--- About this task ---
For every entry that follows, return the words exactly and omit any picture.

--- Records to process ---
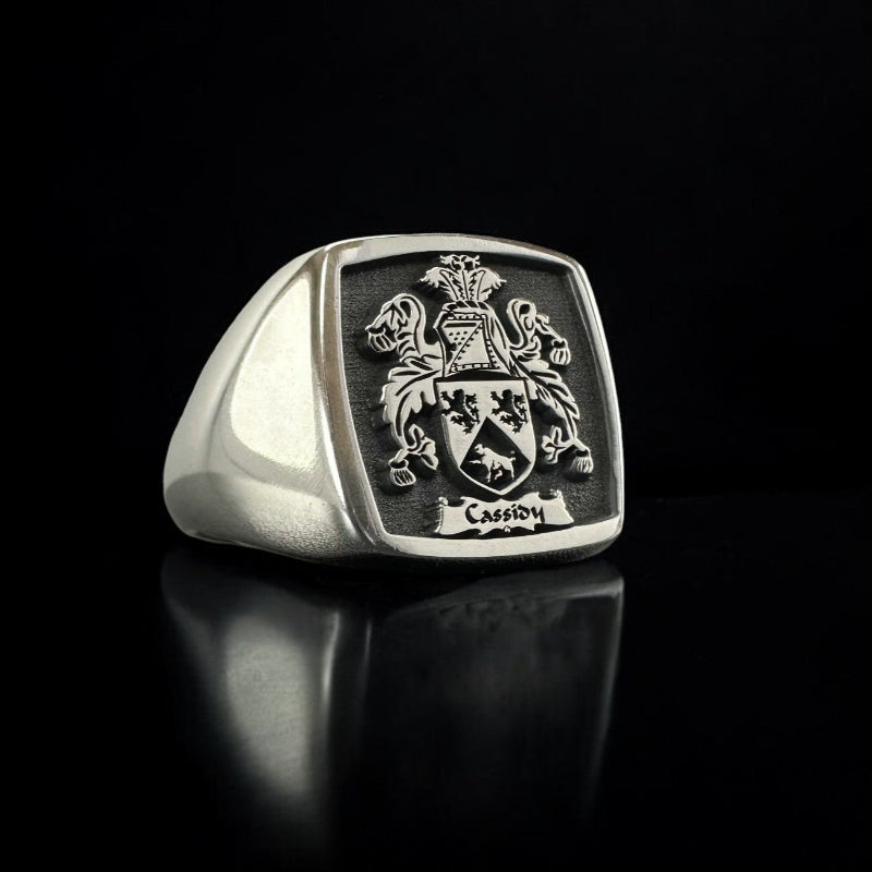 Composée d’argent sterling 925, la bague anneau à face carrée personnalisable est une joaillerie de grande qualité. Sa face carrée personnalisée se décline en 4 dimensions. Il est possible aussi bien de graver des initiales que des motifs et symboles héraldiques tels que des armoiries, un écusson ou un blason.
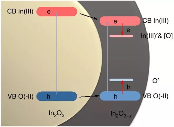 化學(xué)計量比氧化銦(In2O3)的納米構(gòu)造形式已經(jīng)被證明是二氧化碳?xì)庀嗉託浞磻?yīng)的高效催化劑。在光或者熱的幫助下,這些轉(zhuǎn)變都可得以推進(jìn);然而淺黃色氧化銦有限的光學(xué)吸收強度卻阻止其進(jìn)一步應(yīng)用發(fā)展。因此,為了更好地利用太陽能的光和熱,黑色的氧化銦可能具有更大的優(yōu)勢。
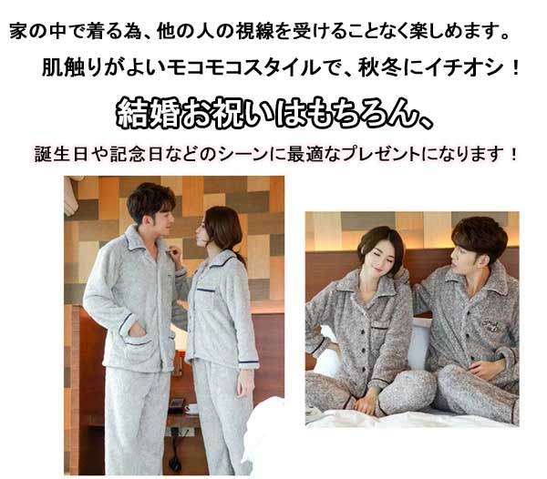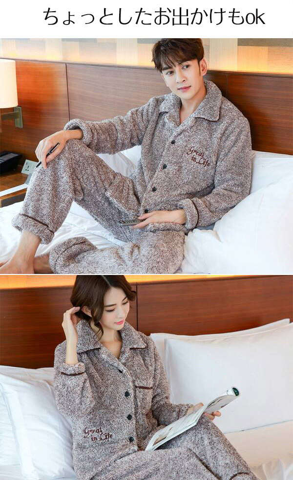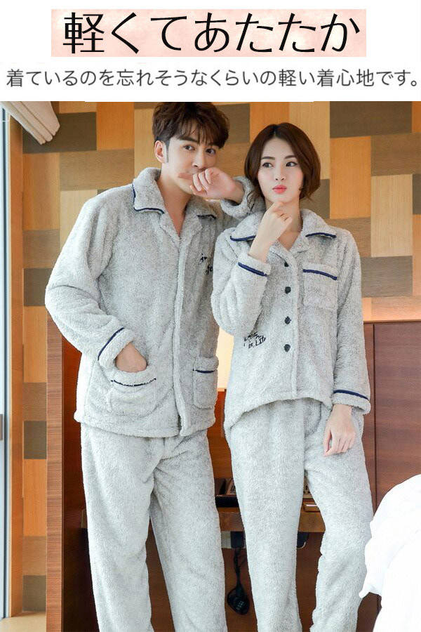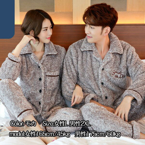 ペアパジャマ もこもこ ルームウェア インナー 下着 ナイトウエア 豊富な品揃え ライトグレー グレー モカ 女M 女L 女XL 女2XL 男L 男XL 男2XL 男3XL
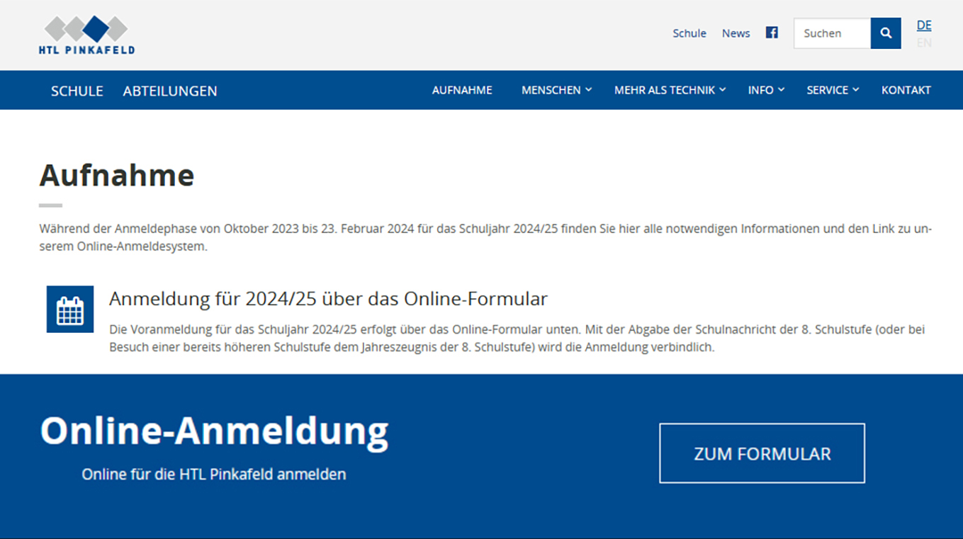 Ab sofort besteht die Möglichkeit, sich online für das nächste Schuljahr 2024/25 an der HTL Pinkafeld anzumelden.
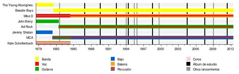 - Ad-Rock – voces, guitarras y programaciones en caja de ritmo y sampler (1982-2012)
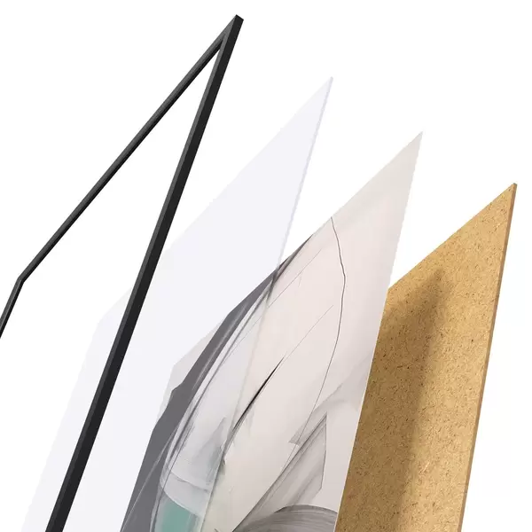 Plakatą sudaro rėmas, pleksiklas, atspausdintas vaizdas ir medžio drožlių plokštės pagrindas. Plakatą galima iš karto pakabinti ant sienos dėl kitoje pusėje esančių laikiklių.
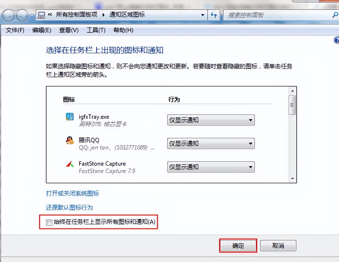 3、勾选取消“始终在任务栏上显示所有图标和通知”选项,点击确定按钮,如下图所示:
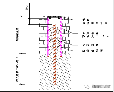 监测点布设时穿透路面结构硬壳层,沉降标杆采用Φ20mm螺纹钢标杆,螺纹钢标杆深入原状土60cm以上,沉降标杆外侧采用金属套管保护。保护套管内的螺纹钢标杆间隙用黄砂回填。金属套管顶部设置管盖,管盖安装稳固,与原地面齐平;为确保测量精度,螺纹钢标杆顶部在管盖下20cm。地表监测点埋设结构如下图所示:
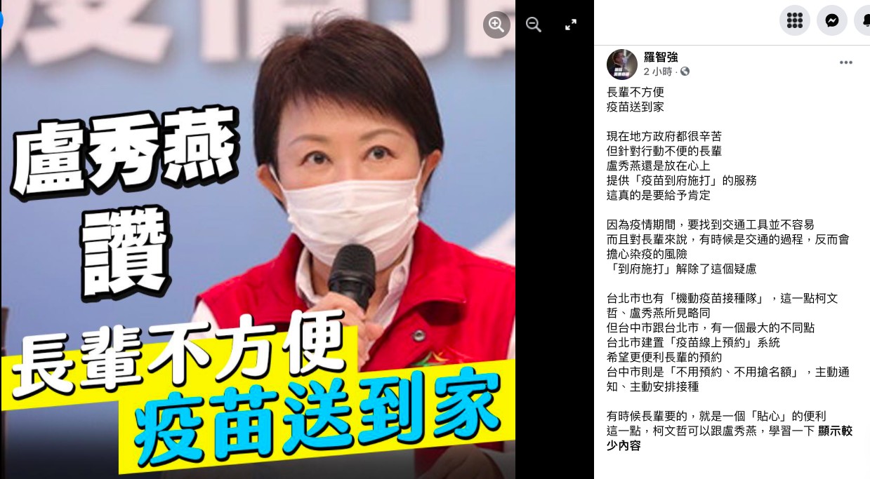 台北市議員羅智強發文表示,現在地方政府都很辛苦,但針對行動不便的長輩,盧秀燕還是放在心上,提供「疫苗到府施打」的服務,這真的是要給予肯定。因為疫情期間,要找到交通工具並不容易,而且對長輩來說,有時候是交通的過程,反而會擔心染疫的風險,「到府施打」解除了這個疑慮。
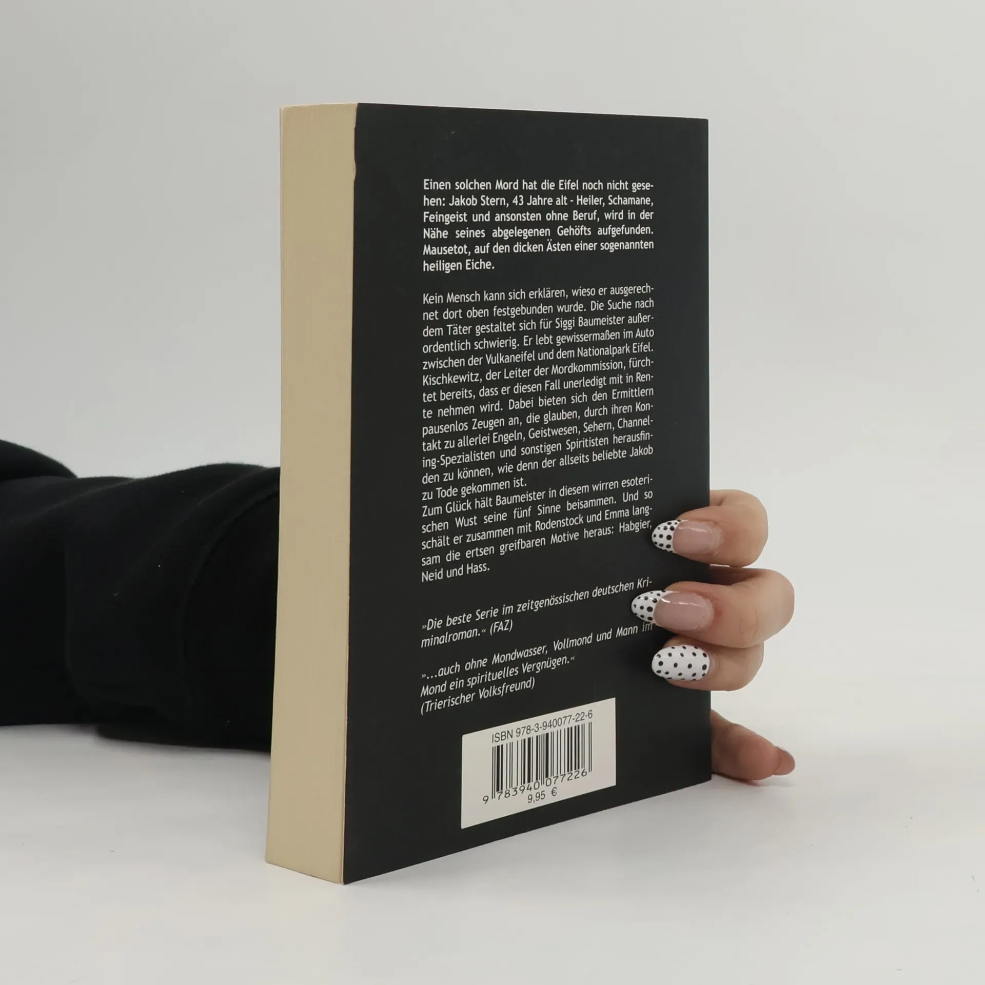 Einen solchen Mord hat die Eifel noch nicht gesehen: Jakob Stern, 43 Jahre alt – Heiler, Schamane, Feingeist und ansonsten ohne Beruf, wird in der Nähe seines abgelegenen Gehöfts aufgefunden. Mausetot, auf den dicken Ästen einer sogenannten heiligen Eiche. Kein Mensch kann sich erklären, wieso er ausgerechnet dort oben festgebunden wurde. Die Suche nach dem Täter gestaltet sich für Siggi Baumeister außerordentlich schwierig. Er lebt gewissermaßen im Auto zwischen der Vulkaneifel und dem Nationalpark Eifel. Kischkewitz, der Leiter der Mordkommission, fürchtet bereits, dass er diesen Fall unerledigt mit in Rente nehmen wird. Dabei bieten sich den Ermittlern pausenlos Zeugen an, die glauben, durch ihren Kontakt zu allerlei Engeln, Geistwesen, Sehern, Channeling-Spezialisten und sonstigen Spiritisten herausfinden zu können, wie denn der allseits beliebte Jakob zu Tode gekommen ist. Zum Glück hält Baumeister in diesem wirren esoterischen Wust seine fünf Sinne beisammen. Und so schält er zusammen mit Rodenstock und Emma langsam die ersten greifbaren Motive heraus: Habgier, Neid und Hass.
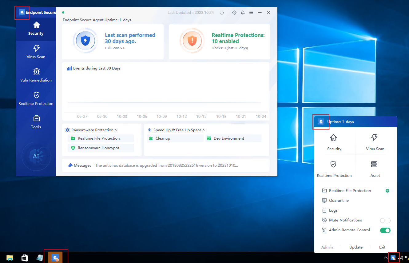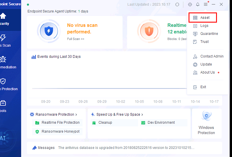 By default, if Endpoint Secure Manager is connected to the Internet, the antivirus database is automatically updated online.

--- Output of the exercise ---
 Composée d’argent sterling 925, la bague anneau à face carrée personnalisable est une joaillerie de grande qualité. Sa face carrée personnalisée se décline en 4 dimensions. Il est possible aussi bien de graver des initiales que des motifs et symboles héraldiques tels que des armoiries, un écusson ou un blason.
 化學(xué)計量比氧化銦(In2O3)的納米構(gòu)造形式已經(jīng)被證明是二氧化碳?xì)庀嗉託浞磻?yīng)的高效催化劑。在光或者熱的幫助下,這些轉(zhuǎn)變都可得以推進(jìn);然而淺黃色氧化銦有限的光學(xué)吸收強度卻阻止其進(jìn)一步應(yīng)用發(fā)展。因此,為了更好地利用太陽能的光和熱,黑色的氧化銦可能具有更大的優(yōu)勢。
 ペアパジャマ もこもこ ルームウェア インナー 下着 ナイトウエア 豊富な品揃え ライトグレー グレー モカ 女M 女L 女XL 女2XL 男L 男XL 男2XL 男3XL
 Ab sofort besteht die Möglichkeit, sich online für das nächste Schuljahr 2024/25 an der HTL Pinkafeld anzumelden.
 - Ad-Rock – voces, guitarras y programaciones en caja de ritmo y sampler (1982-2012)
 Plakatą sudaro rėmas, pleksiklas, atspausdintas vaizdas ir medžio drožlių plokštės pagrindas. Plakatą galima iš karto pakabinti ant sienos dėl kitoje pusėje esančių laikiklių.
 3、勾选取消“始终在任务栏上显示所有图标和通知”选项,点击确定按钮,如下图所示:
 监测点布设时穿透路面结构硬壳层,沉降标杆采用Φ20mm螺纹钢标杆,螺纹钢标杆深入原状土60cm以上,沉降标杆外侧采用金属套管保护。保护套管内的螺纹钢标杆间隙用黄砂回填。金属套管顶部设置管盖,管盖安装稳固,与原地面齐平;为确保测量精度,螺纹钢标杆顶部在管盖下20cm。地表监测点埋设结构如下图所示:
 台北市議員羅智強發文表示,現在地方政府都很辛苦,但針對行動不便的長輩,盧秀燕還是放在心上,提供「疫苗到府施打」的服務,這真的是要給予肯定。因為疫情期間,要找到交通工具並不容易,而且對長輩來說,有時候是交通的過程,反而會擔心染疫的風險,「到府施打」解除了這個疑慮。
 Einen solchen Mord hat die Eifel noch nicht gesehen: Jakob Stern, 43 Jahre alt – Heiler, Schamane, Feingeist und ansonsten ohne Beruf, wird in der Nähe seines abgelegenen Gehöfts aufgefunden. Mausetot, auf den dicken Ästen einer sogenannten heiligen Eiche. Kein Mensch kann sich erklären, wieso er ausgerechnet dort oben festgebunden wurde. Die Suche nach dem Täter gestaltet sich für Siggi Baumeister außerordentlich schwierig. Er lebt gewissermaßen im Auto zwischen der Vulkaneifel und dem Nationalpark Eifel. Kischkewitz, der Leiter der Mordkommission, fürchtet bereits, dass er diesen Fall unerledigt mit in Rente nehmen wird. Dabei bieten sich den Ermittlern pausenlos Zeugen an, die glauben, durch ihren Kontakt zu allerlei Engeln, Geistwesen, Sehern, Channeling-Spezialisten und sonstigen Spiritisten herausfinden zu können, wie denn der allseits beliebte Jakob zu Tode gekommen ist. Zum Glück hält Baumeister in diesem wirren esoterischen Wust seine fünf Sinne beisammen. Und so schält er zusammen mit Rodenstock und Emma langsam die ersten greifbaren Motive heraus: Habgier, Neid und Hass.
 By default, if Endpoint Secure Manager is connected to the Internet, the antivirus database is automatically updated online.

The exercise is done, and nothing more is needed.